Your instructions —
Please repeat the lines below exactly. Begin with the line containing "王董事长在致辞中说,泰山钢铁" and go on through the line containing "Monogram P.J.F., Larens".

[Input Boundary: Start]

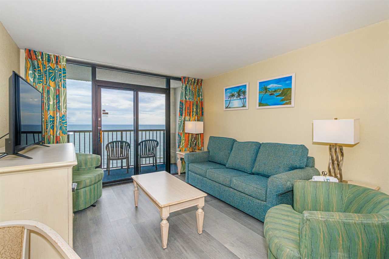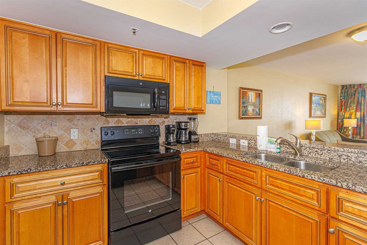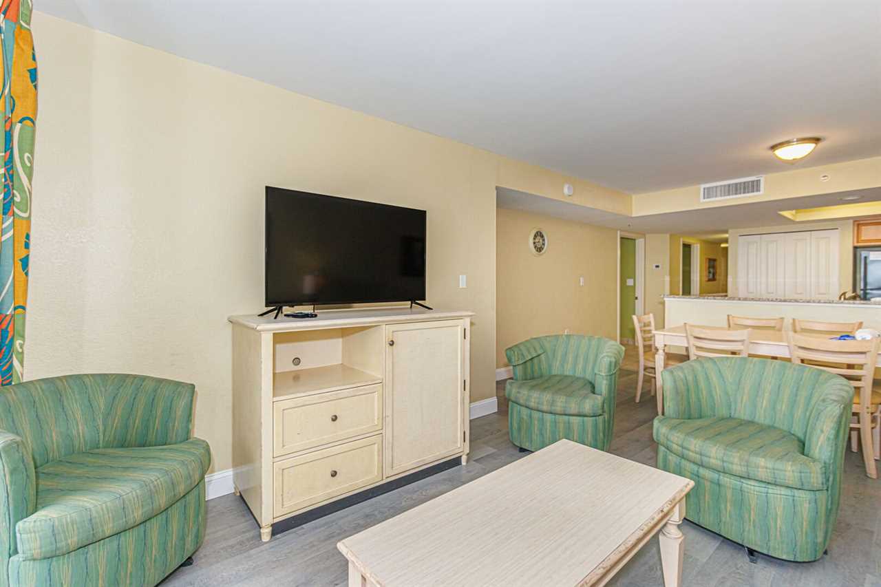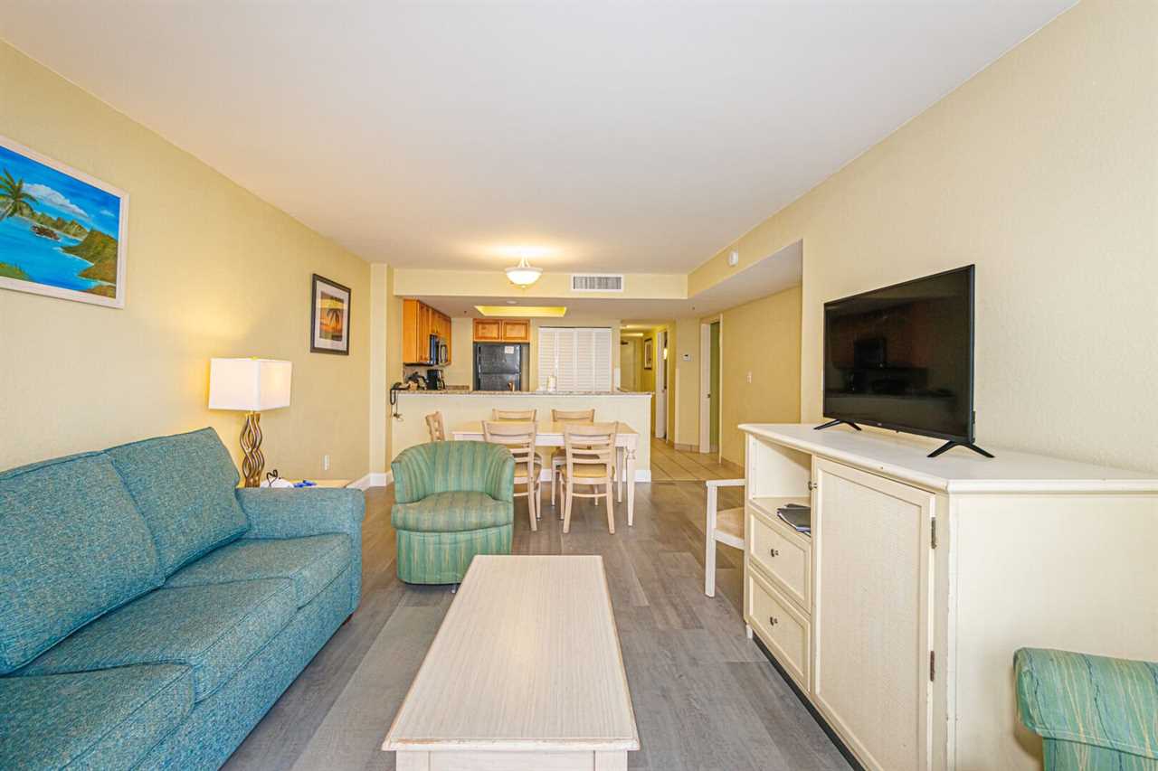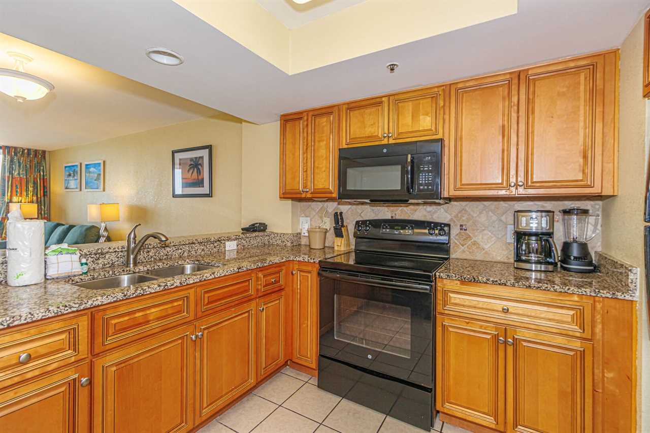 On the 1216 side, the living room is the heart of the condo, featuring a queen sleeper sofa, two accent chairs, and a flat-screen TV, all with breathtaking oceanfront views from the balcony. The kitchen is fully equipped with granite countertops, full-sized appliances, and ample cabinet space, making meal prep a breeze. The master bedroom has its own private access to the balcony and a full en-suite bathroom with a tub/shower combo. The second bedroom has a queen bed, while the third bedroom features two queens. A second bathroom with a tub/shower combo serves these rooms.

[Input Boundary: End]
[Input Boundary: Start]

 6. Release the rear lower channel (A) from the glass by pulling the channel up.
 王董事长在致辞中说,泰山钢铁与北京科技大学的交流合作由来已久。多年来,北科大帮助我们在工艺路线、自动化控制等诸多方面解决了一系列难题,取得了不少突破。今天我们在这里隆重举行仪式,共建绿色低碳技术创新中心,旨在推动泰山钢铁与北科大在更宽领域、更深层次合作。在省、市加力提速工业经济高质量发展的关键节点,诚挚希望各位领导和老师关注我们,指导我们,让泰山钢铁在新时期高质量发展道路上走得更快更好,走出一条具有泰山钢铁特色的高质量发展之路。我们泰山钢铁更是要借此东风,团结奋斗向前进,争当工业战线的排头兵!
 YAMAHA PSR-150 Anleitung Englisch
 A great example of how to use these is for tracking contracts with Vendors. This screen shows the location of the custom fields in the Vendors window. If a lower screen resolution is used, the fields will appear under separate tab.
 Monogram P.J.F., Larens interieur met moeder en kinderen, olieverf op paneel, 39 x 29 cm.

[Input Boundary: End]

Written reply —
 王董事长在致辞中说,泰山钢铁与北京科技大学的交流合作由来已久。多年来,北科大帮助我们在工艺路线、自动化控制等诸多方面解决了一系列难题,取得了不少突破。今天我们在这里隆重举行仪式,共建绿色低碳技术创新中心,旨在推动泰山钢铁与北科大在更宽领域、更深层次合作。在省、市加力提速工业经济高质量发展的关键节点,诚挚希望各位领导和老师关注我们,指导我们,让泰山钢铁在新时期高质量发展道路上走得更快更好,走出一条具有泰山钢铁特色的高质量发展之路。我们泰山钢铁更是要借此东风,团结奋斗向前进,争当工业战线的排头兵!
 YAMAHA PSR-150 Anleitung Englisch
 A great example of how to use these is for tracking contracts with Vendors. This screen shows the location of the custom fields in the Vendors window. If a lower screen resolution is used, the fields will appear under separate tab.
 Monogram P.J.F., Larens interieur met moeder en kinderen, olieverf op paneel, 39 x 29 cm.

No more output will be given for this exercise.